### What this task involves
Exact copies of the lines from the one holding "Luxury Men's Lapel Leather Jacket" through the last line of the entries below are to be printed, with pictures omitted.

▼

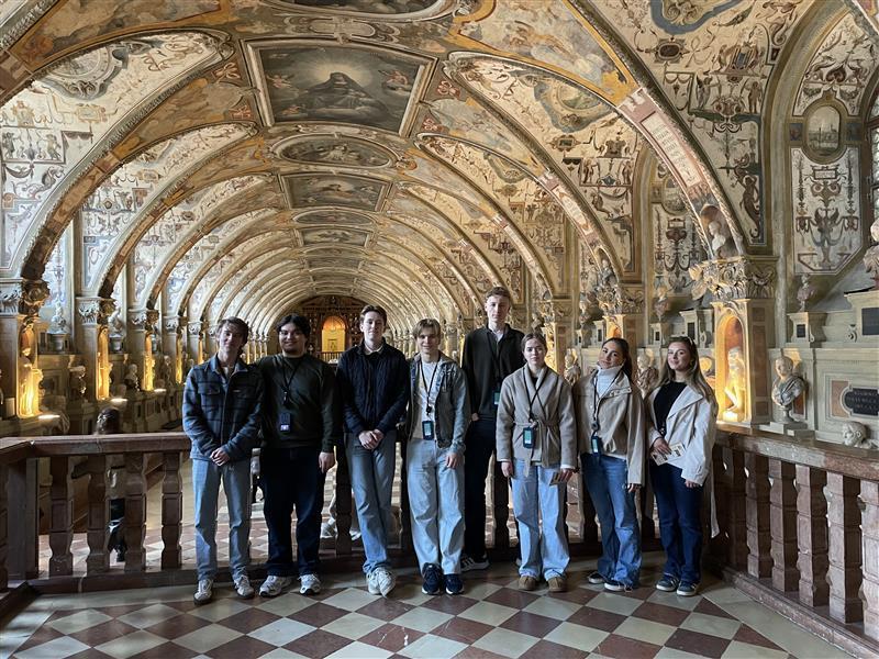 De åtte elevene hadde en innholdsrik og lærerik tur til München, her er de inne i slottet "Residenz".
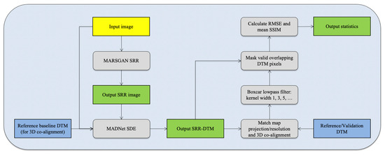In this work, we follow the same method to quantitatively evaluate the resultant 8 m/pixel CaSSIS DTMs and 2 m/pixel CaSSIS SRR-DTMs (target DTMs) using multiple smoothed versions of the 12.5 cm/pixel HiRISE SRR-DTMs (reference DTMs). We add the SSIM [65] scoring that measures the differences between structural features as an additional evaluation metric to complement and support the pixelwise difference measurements from RMSE. The overall evaluation workflow (as shown in Figure 4) consists of four steps (similar to [64]), including (a) map reprojection, down-sampling, and 3D co-alignment of the reference DTMs to match with the target DTMs; (b) applying odd-sized boxcar filters (i.e., 3 × 3, 5 × 5, 7 × 7, …) to smooth out the details of the reference DTMs; (c) masking out no-data and non-overlapping areas; and (d) calculating RMSEs and SSIMs for all valid overlapping DTM areas.
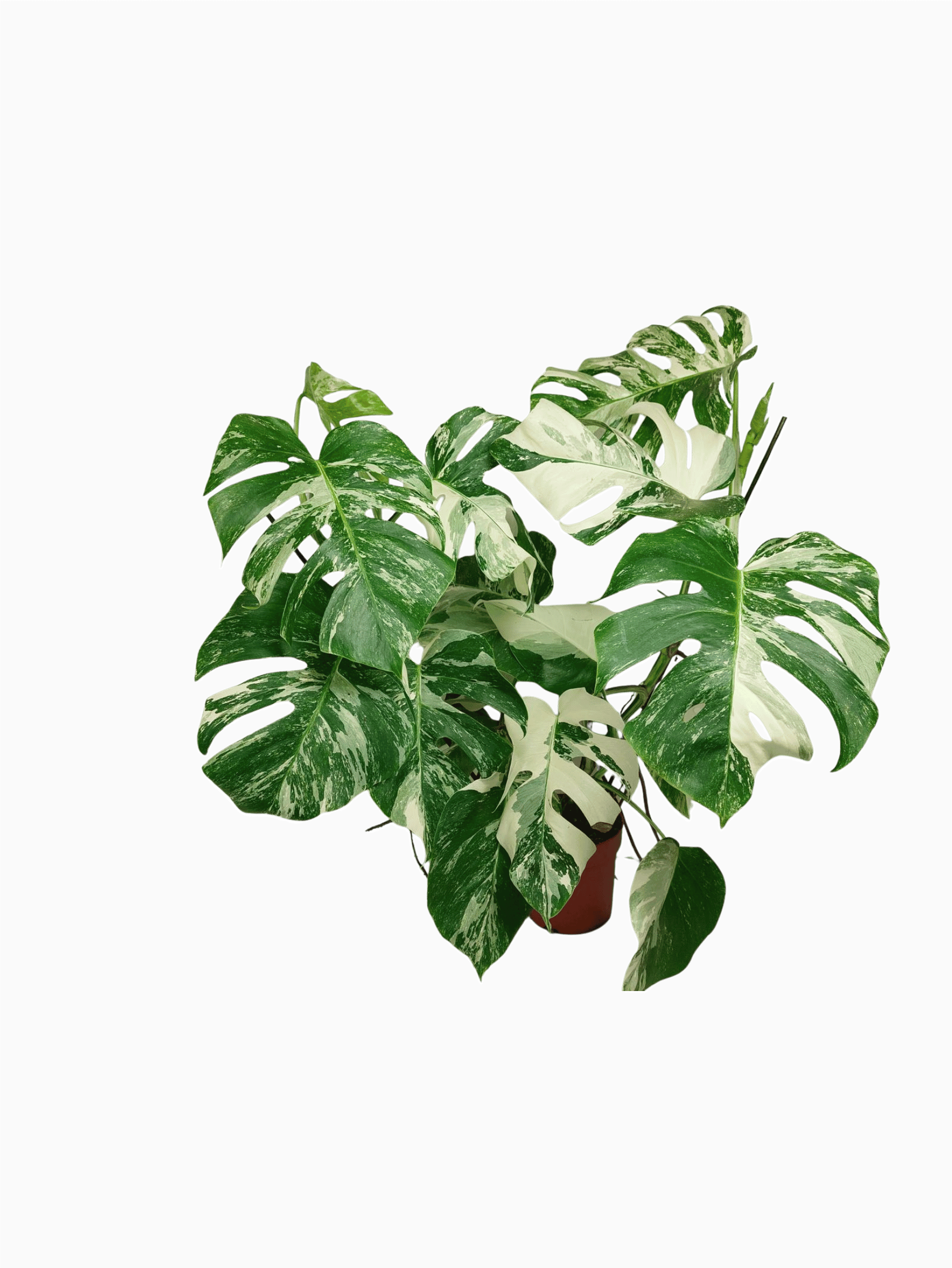 Diese einzigartige Zimmerpflanze ist ein echter Blickfang mit ihrem atemberaubenden Blattmuster. Jedes grüne Blatt ist kunstvoll mit weißer Variegation verziert, was der Pflanze einen ganz besonderen Charme verleiht. Es handelt sich um die Monstera Borsigiana.
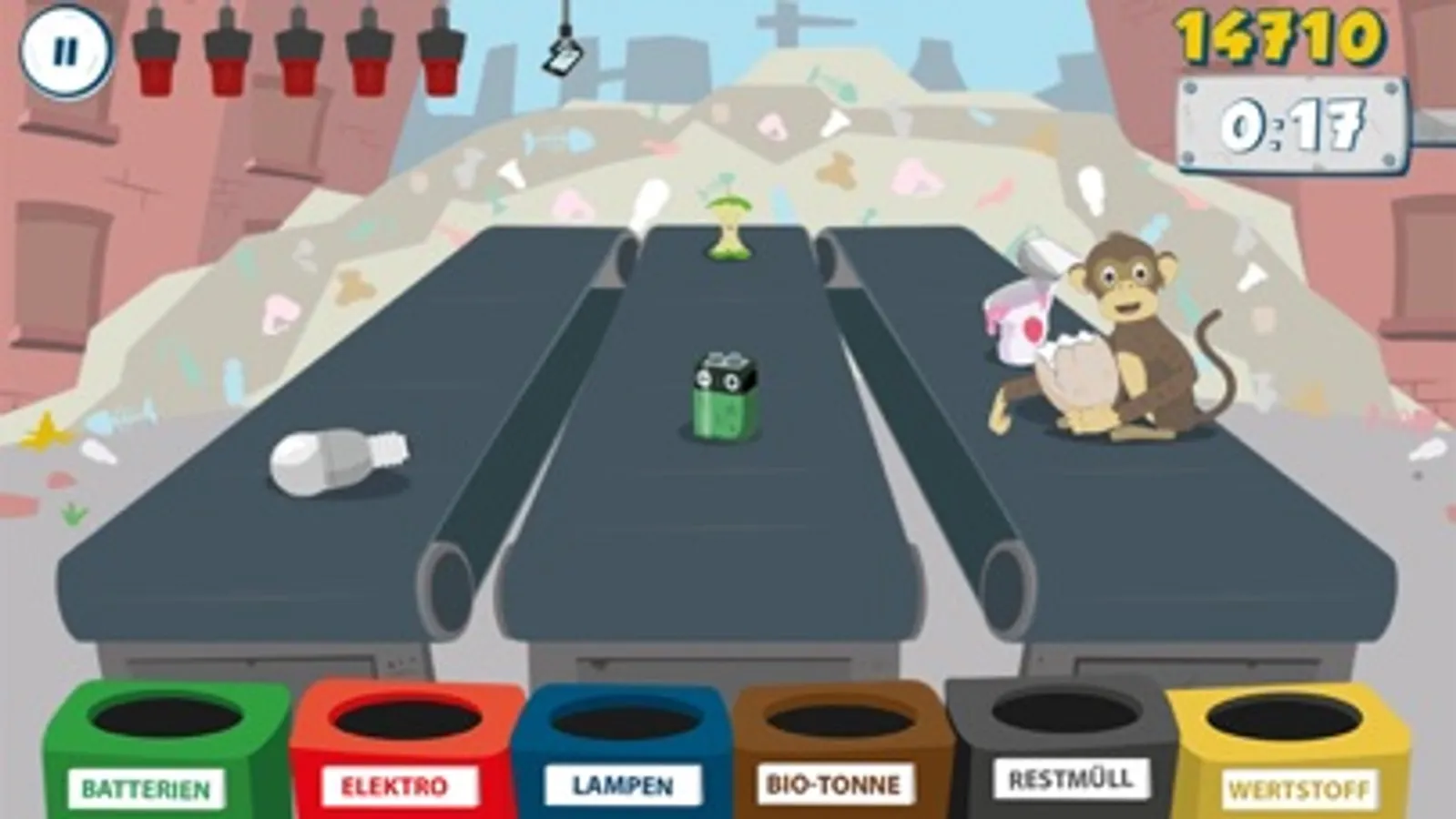 Mit jeder richtigen Zuordnung der verschiedenen Gegenstände in die dafür vorgesehenen Sammelboxen oder Tonnen sammelst Du Punkte. Tierische Rohstoffdiebe erschweren Dir die Aufgabe. Für das drag&drop-basierte Spiel ist nicht nur Geschicklichkeit erforderlich, sondern auch das Wissen über die richtigen Entsorgungswege.
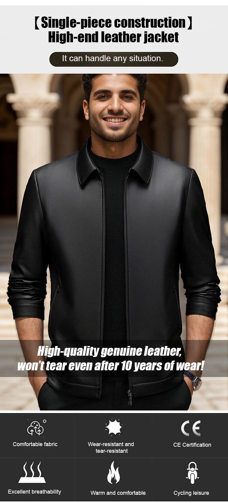 Luxury Men's Lapel Leather Jacket
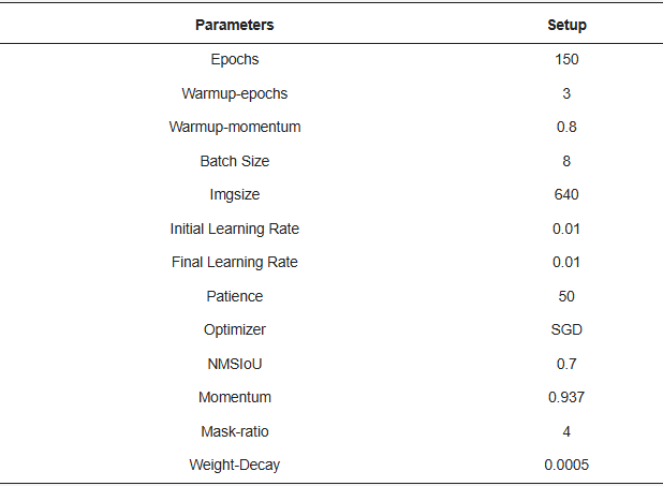 网络训练训练前,数据集图像和标签按7:1:2的比例划分为训练集、验证集和测试集。数据集训练的最大轮次(epochs)设为150,前3轮用于预热训练。采用SGD优化策略调整学习率,初始学习率为0.01。考虑到样本图像中存在大量微小目标,且检测过程需平衡实时性与准确性,样本尺寸统一调整为640×640像素。该尺寸既能保留图像中的关键信息,又便于模型在边缘设备上部署。为确保实验公平性和模型性能的可比性,消融实验和对比实验均不使用预训练权重,且所有训练过程保持一致的超参数设置。训练过程中最重要的参数设置如下表所示。
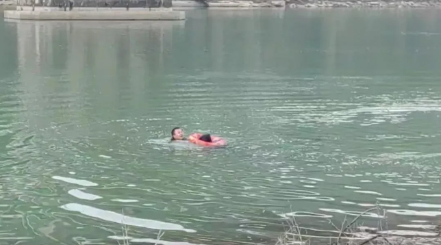 勇敢跳入刺骨江水救人的

▲

### Your solution
 Luxury Men's Lapel Leather Jacket
 网络训练训练前,数据集图像和标签按7:1:2的比例划分为训练集、验证集和测试集。数据集训练的最大轮次(epochs)设为150,前3轮用于预热训练。采用SGD优化策略调整学习率,初始学习率为0.01。考虑到样本图像中存在大量微小目标,且检测过程需平衡实时性与准确性,样本尺寸统一调整为640×640像素。该尺寸既能保留图像中的关键信息,又便于模型在边缘设备上部署。为确保实验公平性和模型性能的可比性,消融实验和对比实验均不使用预训练权重,且所有训练过程保持一致的超参数设置。训练过程中最重要的参数设置如下表所示。
 勇敢跳入刺骨江水救人的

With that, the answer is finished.